Bullish scenario for Bitcoin
The bullish scenario for Bitcoin in the near term is quite simple. BTC has to surge above $10,600 to surpass its previous peaks in October 2019 and February. For a new bullish uptrend to materialize, BTC has to maintain its momentum above $9,000 and grind to surpass $10,600, eventually establishing a peak above the $11,000 resistance level. The Bitcoin options trader known as Theta Seek wrote:
“Been seeing alot of bearish tweets, but I think that this is the last 1-2 weeks that you’ll EVER be able to buy #BTC under $9K.”
If the price of Bitcoin remains above $9,000 until June 1 and achieves a monthly close above mid-$9,000, it would increase the probability of a sizable rally heading into the third quarter.

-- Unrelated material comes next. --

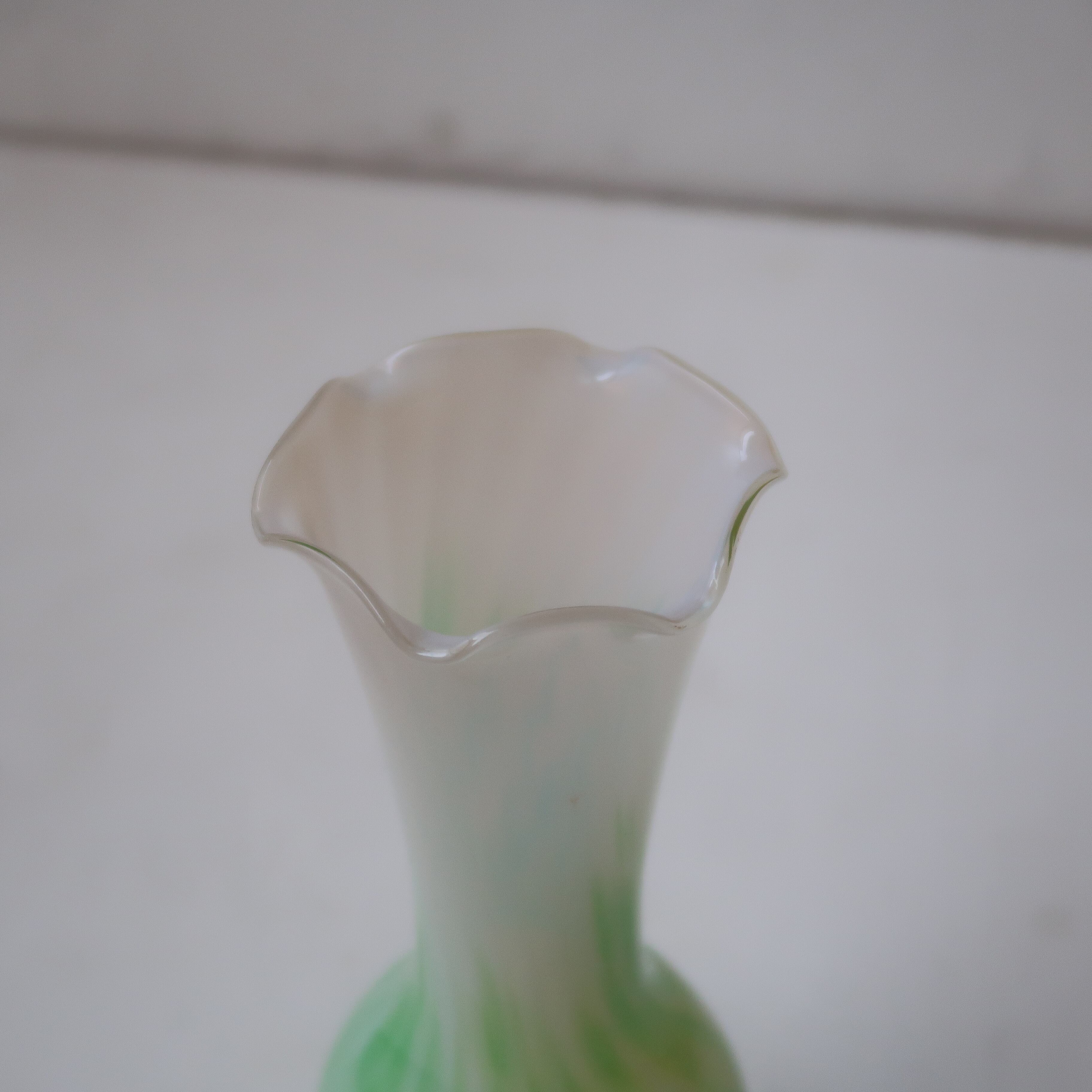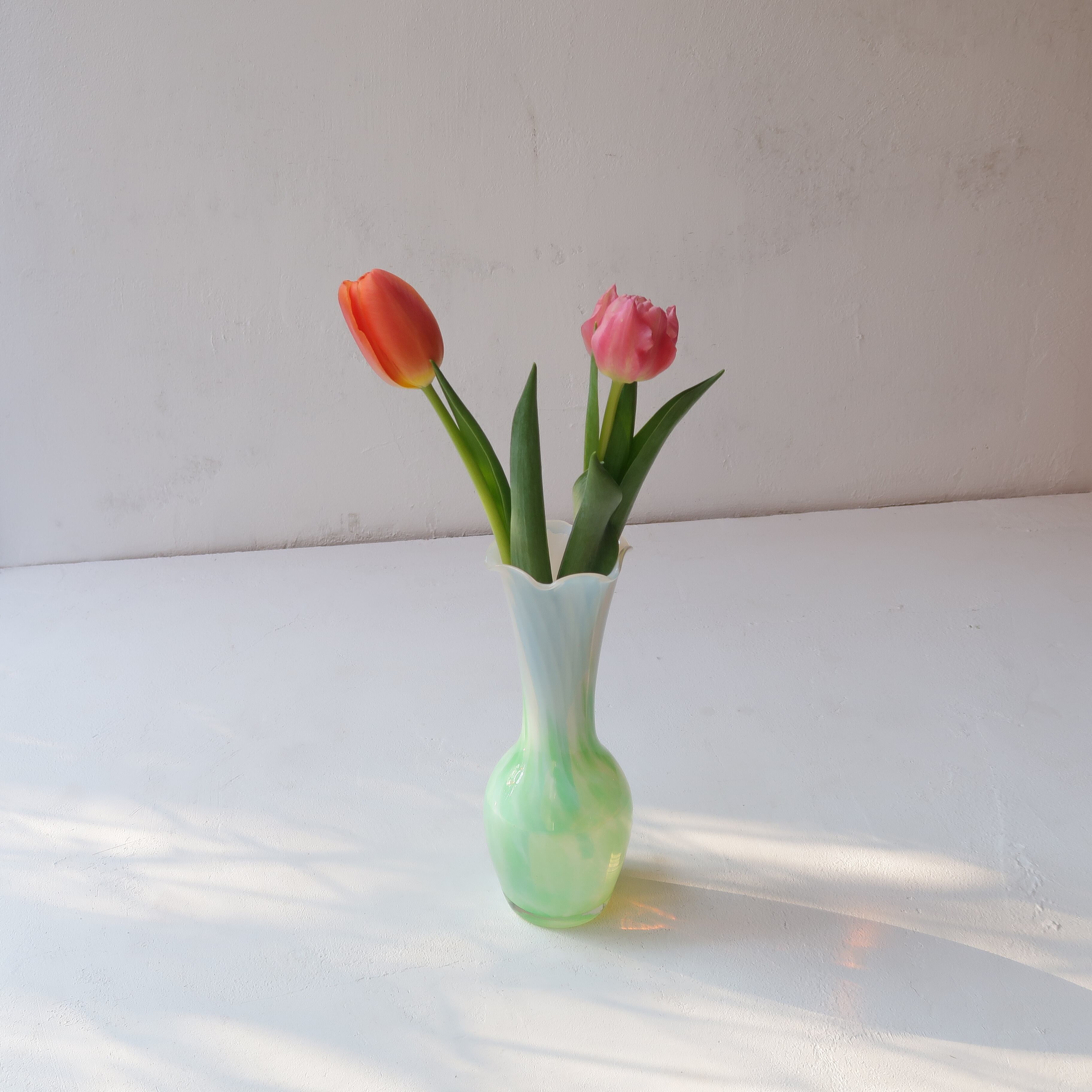 濃いグリーンと薄いグリーン…春色なミックスグリーンがかわいいガラスの花瓶。口はひらひらとしていて、愛らしいフォルム。

One significant data point that supports the theory of bulls is the reluctance of Bitcoin holders to sell. In the last two months, the price of Bitcoin almost tripled from $3,600 to $10,080. Yet on-chain data shows that investors are unwilling to sell at that price. Cryptocurrency analyst Philip Swift said:
“60% of all Bitcoin has not moved on the blockchain for at least 1 year. This is an indication of significant hodl’ing. The last time this happened was in early 2016, at the start of the bull run.”
Hodl Wave shows Bitcoin investors are unwilling to sell. Source: Philip Swift
Crypto market data and blockchain analytics firm IntoTheBlock found a similar pattern. Its researchers said the number of large Bitcoin transactions has noticeably declined since May 19. The drop-off in large transactions indicates whales or big individual holders of BTC are not selling. The researchers explained:
“The number of Large Transactions greater than $100k for #Bitcoin started to decline consistently from 9.71k transactions on May 19 (moving 1.04m #BTC and $10.93b) to 8.94k transactions on May 26 (moving 798.54k $BTC and $7.07b).”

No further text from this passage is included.